--- START ---

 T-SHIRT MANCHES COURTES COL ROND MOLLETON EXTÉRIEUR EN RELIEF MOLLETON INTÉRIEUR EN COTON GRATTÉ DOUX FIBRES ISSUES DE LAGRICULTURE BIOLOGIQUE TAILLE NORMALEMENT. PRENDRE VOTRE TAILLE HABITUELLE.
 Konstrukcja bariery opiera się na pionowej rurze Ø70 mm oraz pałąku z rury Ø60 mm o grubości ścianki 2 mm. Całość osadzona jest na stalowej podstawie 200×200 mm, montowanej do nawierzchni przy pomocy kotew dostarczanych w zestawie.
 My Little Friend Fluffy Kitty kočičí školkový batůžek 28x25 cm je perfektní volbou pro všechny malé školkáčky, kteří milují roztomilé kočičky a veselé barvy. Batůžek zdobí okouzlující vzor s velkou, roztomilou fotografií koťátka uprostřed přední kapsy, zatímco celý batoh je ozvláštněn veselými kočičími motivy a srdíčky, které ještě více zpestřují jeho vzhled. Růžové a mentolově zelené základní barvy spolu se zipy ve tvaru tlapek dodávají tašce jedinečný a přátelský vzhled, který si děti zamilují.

--- END ---
--- START ---

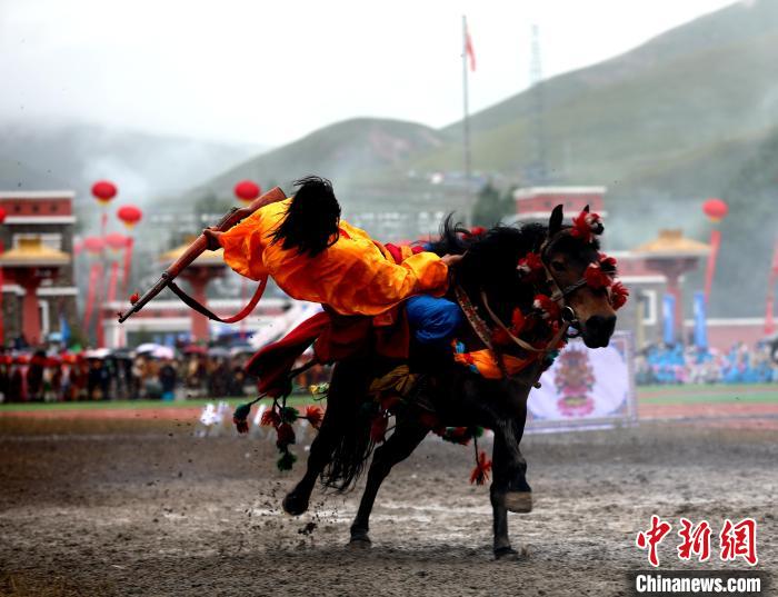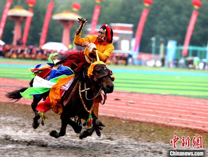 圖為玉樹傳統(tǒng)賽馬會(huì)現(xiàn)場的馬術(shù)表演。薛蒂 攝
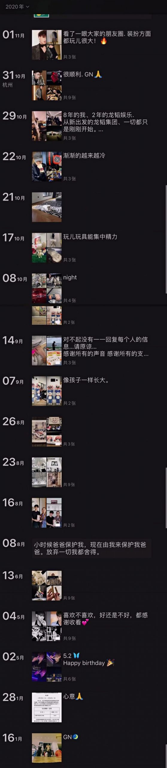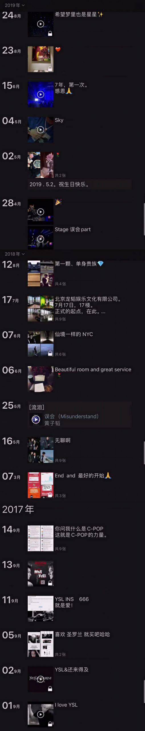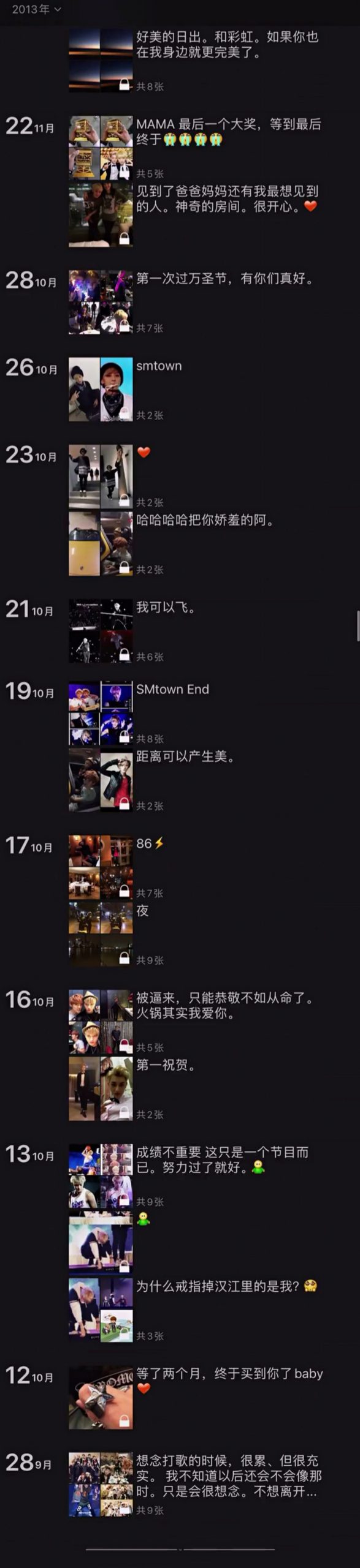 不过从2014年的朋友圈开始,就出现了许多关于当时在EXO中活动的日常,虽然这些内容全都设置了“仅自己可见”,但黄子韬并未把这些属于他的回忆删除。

--- END ---
--- START ---

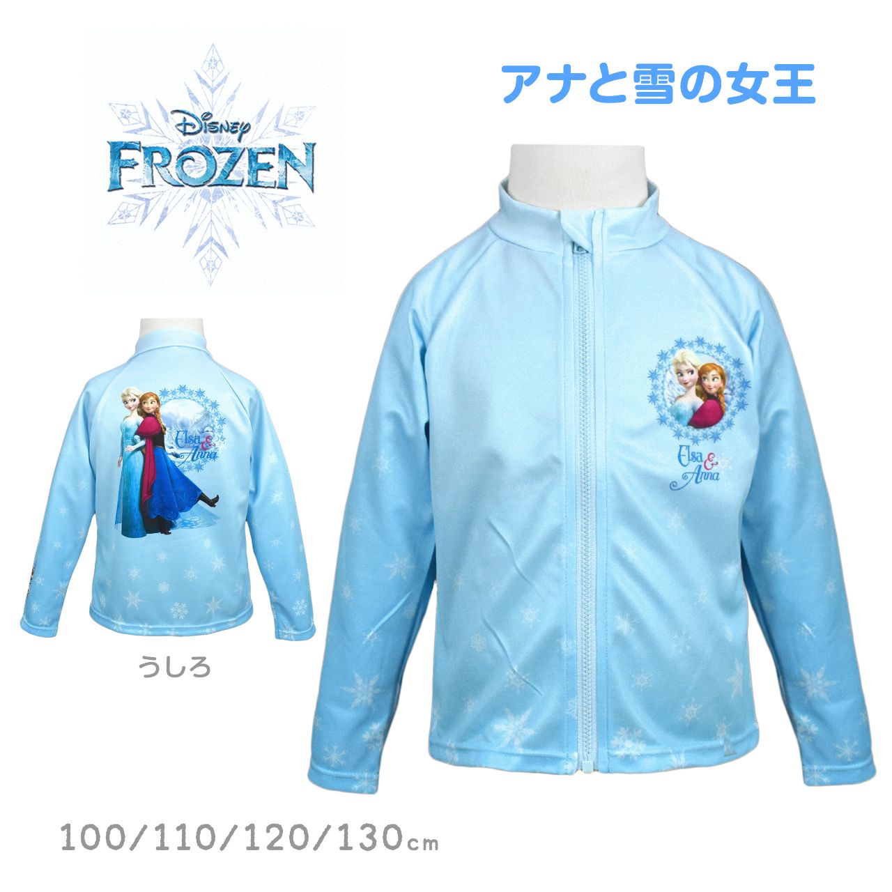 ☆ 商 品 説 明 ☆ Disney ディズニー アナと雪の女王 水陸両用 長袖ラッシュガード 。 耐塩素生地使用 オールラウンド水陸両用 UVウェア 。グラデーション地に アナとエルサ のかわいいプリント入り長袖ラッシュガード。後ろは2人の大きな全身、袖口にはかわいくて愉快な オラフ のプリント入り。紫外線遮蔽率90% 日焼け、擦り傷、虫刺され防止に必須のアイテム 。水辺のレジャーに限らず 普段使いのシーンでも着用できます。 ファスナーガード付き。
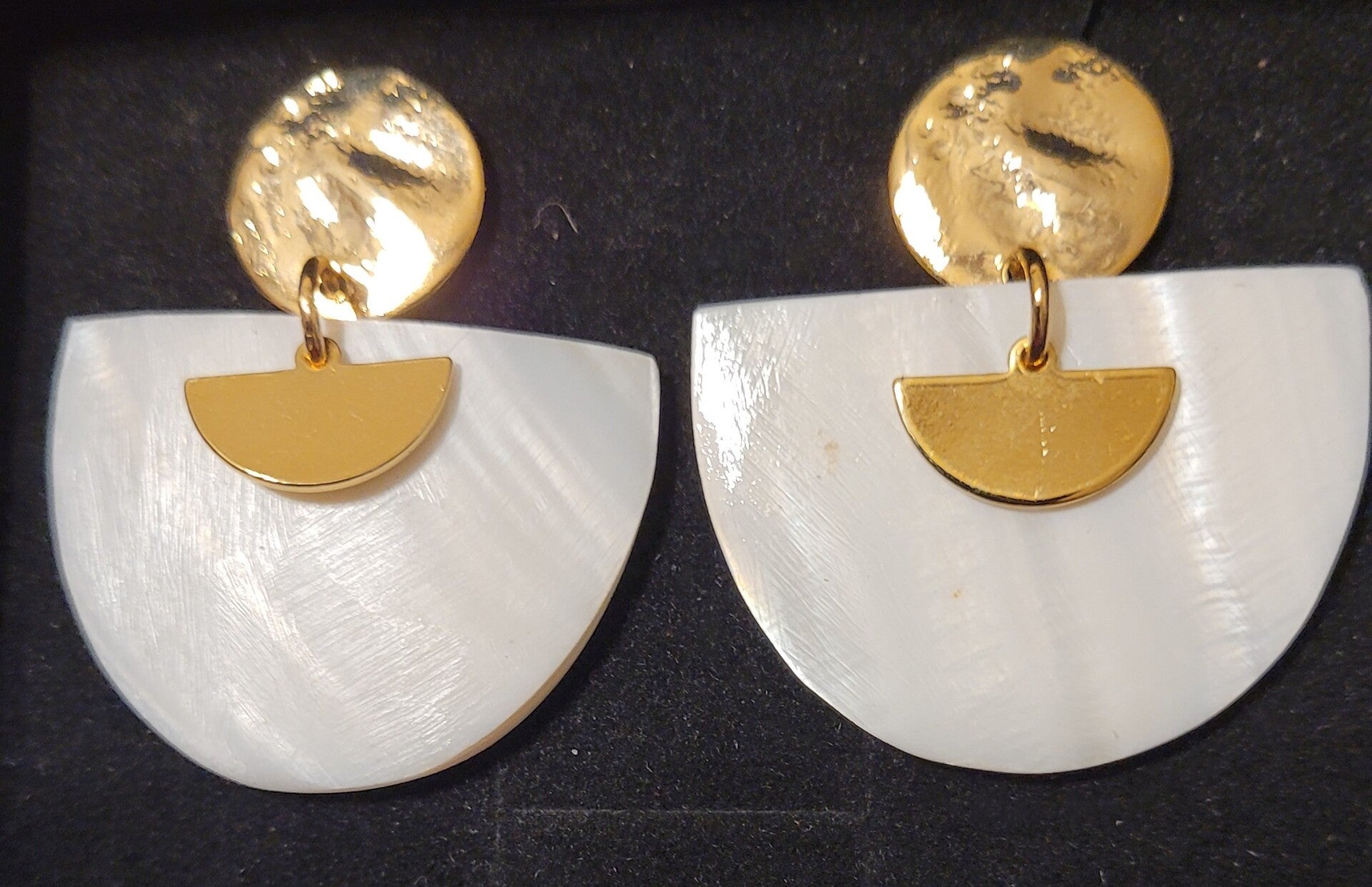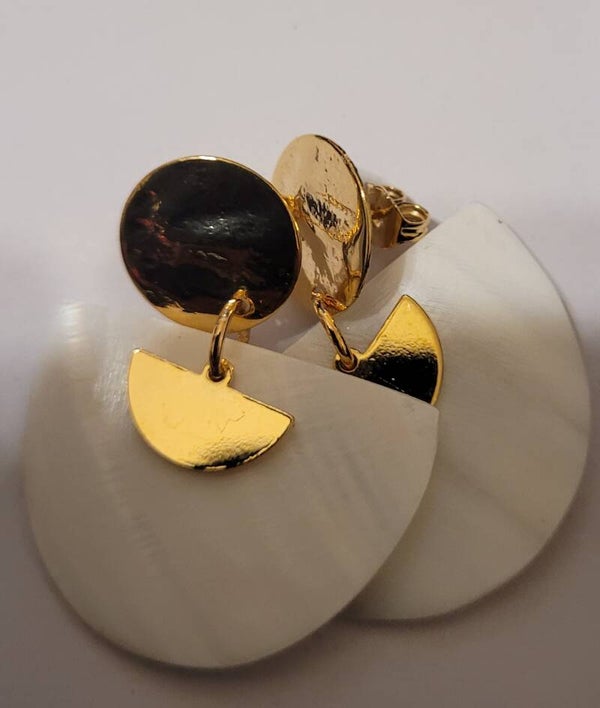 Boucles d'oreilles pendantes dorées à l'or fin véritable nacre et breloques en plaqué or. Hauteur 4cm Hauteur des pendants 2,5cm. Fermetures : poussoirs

--- END ---

-- TASK STATEMENT --
Going by the entries above, repeat exactly the lines that start at the line with "圖為玉樹傳統(tǒng)賽馬" and go on through the line with "不过从2014年的朋友圈开始". Pictures are not part of the copy.

-- WRITTEN SOLUTION --
 圖為玉樹傳統(tǒng)賽馬會(huì)現(xiàn)場的馬術(shù)表演。薛蒂 攝
 不过从2014年的朋友圈开始,就出现了许多关于当时在EXO中活动的日常,虽然这些内容全都设置了“仅自己可见”,但黄子韬并未把这些属于他的回忆删除。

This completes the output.